#### About this task
Drop the images, then output the listing exactly.

#### Dataset section
►
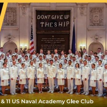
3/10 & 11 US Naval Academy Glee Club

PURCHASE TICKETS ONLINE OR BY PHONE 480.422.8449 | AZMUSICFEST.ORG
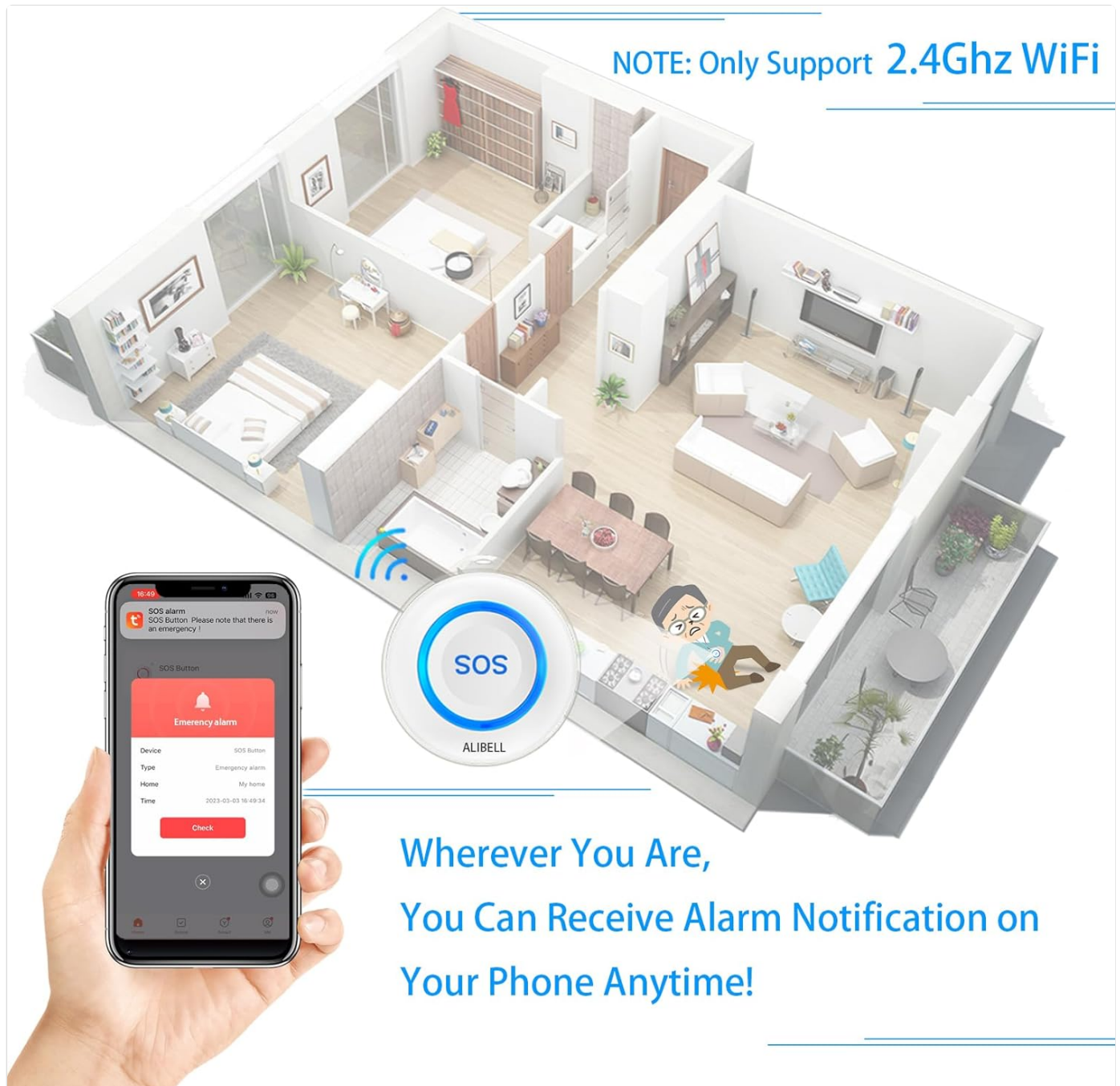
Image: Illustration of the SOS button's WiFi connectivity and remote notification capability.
◄
#### Answer
3/10 & 11 US Naval Academy Glee Club

PURCHASE TICKETS ONLINE OR BY PHONE 480.422.8449 | AZMUSICFEST.ORG
Image: Illustration of the SOS button's WiFi connectivity and remote notification capability.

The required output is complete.